Выбрать главу

Иное придется сказать про членов 1-й Государственной думы. Они давно были борцами за конституцию; многие были знатоками «парламентской техники» и считали себя «врожденными парламентариями»[3]. А деятельность их в Думе оказалась сплошным отрицанием конституции.

Это я подробно показывал в своей книге «Первая Дума» и не хочу повторяться. Только добавлю, что все неконституционные поступки и заявления, как отдельных членов, так и целой Думы, вытекали из того понимания, которое они имели о себе и своей роли. Они считали ее одну выразительницею «воли народа», которая выше конституционных «формальностей». С первых шагов они потребовали уничтожения верхней палаты, как средостения, подчинения министров себе и установления строя, где «Монарх только царствует, но не управляет». Что такое понимание было переоценкой своей фактической силы и недооценкой силы противника – ясно. Но оно, кроме того, было и отрыжкой идеологии главной язвы России – Самодержавия, при котором утверждение, что «закон» должен быть выше «воли» Монарха, считалось признаком «неблагонадежности». Для 1-й Госуд. думы аналогичное утверждение относительно ее самой казалось «отсталостью»; «воля» народа, которую она выражает, выше законов. Если понимали, что у Думы нет сил такую точку зрения отстоять, то никто не замечал, насколько для «конституционалистов» она была недостойна. Только когда депутаты опасались, что их собственные права будут нарушены, они под защиту формальной конституции соглашались их ставить. Они считали ее обязательной для правительства. Но ведь то же самое было и при Самодержавии; и оно от других требовало, чтобы закон соблюдался; привилегия его нарушать принадлежала ему одному. Идеология Думы в этом совпадала с Самодержавием.
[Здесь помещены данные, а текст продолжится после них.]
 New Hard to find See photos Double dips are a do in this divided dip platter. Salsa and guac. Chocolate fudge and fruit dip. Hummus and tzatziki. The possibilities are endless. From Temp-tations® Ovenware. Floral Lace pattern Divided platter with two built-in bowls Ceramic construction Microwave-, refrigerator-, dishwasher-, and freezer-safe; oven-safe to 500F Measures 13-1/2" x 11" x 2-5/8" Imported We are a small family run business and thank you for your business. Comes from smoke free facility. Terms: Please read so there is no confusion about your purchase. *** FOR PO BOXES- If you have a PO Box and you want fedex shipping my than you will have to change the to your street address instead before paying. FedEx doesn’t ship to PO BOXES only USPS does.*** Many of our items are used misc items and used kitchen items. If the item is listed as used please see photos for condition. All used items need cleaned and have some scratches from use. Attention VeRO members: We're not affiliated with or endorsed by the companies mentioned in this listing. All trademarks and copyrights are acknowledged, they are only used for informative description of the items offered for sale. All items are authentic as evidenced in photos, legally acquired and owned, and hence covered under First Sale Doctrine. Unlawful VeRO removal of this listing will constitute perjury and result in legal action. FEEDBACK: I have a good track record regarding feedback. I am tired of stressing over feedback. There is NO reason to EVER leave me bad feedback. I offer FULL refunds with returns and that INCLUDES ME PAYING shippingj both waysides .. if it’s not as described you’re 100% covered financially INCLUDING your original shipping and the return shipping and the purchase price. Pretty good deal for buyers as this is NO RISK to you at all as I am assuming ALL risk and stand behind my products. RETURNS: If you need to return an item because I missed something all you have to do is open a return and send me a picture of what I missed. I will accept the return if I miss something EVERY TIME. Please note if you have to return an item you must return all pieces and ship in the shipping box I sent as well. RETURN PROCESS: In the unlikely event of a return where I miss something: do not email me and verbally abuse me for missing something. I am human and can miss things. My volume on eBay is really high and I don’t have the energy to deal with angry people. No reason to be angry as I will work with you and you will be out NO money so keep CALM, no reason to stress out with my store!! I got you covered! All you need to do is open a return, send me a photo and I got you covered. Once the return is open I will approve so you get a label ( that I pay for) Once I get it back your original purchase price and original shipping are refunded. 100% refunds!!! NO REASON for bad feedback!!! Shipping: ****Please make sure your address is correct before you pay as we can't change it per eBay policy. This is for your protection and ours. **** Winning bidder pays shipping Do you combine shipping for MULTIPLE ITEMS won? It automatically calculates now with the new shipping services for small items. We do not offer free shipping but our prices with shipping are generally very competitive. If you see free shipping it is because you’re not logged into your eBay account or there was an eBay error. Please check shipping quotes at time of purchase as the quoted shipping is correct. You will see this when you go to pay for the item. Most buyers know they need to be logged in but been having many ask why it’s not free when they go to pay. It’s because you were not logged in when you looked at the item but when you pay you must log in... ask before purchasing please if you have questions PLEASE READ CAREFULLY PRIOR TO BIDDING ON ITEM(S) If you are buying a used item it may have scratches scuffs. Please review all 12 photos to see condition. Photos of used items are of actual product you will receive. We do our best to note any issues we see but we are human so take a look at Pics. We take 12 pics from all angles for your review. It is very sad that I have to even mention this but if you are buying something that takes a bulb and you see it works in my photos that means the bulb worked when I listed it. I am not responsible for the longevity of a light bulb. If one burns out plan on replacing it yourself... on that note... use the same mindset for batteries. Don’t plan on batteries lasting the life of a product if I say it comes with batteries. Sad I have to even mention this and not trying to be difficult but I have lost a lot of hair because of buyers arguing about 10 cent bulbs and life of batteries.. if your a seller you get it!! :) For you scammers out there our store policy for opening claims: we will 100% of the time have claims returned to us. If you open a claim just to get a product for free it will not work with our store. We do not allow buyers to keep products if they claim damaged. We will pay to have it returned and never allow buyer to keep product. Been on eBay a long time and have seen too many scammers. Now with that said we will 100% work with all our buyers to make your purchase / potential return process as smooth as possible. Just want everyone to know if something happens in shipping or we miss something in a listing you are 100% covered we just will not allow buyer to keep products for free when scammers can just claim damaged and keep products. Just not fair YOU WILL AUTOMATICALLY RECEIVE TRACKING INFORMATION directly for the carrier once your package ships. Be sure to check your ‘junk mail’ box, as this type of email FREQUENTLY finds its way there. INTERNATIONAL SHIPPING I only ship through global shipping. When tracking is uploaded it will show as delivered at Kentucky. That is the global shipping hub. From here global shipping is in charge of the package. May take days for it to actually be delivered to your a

Сходство шло еще глубже. «Освободительное движение» не заслуживало бы ни своего имени, ни своего места в истории, если бы целью его было не обновление России, не водворение в ней права как высшего руководителя общежития, а замена одной «воли», т. е. «произвола», другой. Из какой бы социальной среды ни вышел новый неограниченный повелитель России, какие бы цели он ни ставил себе, его «произвол» остался бы произволом, и при нем не создалось бы ни «правового порядка», ни «правовой атмосферы». Зло Самодержавия, которое со времен Сперанского все же хотело противопоставлять себя «деспотии» и сочетать Самодержавие с управлением «на твердом основании законов», заключалось именно в том, что, по силе наших законов, Самодержец мог изданные им самим законы, не отменяя их, – нарушать. Он считал себя выше их. Этой аномалии уже не было в Основных законах 1906 года; уже по тому одному они были настоящей «конституцией» и делали впервые правовое государство в России возможным.

Первая Дума этого не оценила. Она претендовала на то, чтобы ее воля считалась выше законов. В своей реплике на декларацию Набоков называл Думу не Законодательной палатой, а «законодательной властью». В запросе о черносотенных телеграммах критика Думы квалифицировалась как «дерзостное неуважение», технический термин закона, применяемый только к «Верховной Власти».

Это не было только плохою редакциею. Это совпадало с учением наших «властителей дум», будто основные законы 1906 года только «лжеконституция», пока в ней есть преграды для «суверенности» Думы, пока существует вторая палата из назначенных членов и правительство, которое перед ней не ответственно. Либеральная общественность считала это самоочевидной истиной. Ничего сделать нельзя, говорил Милюков, пока не будет введена 4-хвостка для выборов в Думу, не будет уничтожена 2-я палата и правительство не будет перед Думой ответственно. Без этого будто бы настоящей конституции нет.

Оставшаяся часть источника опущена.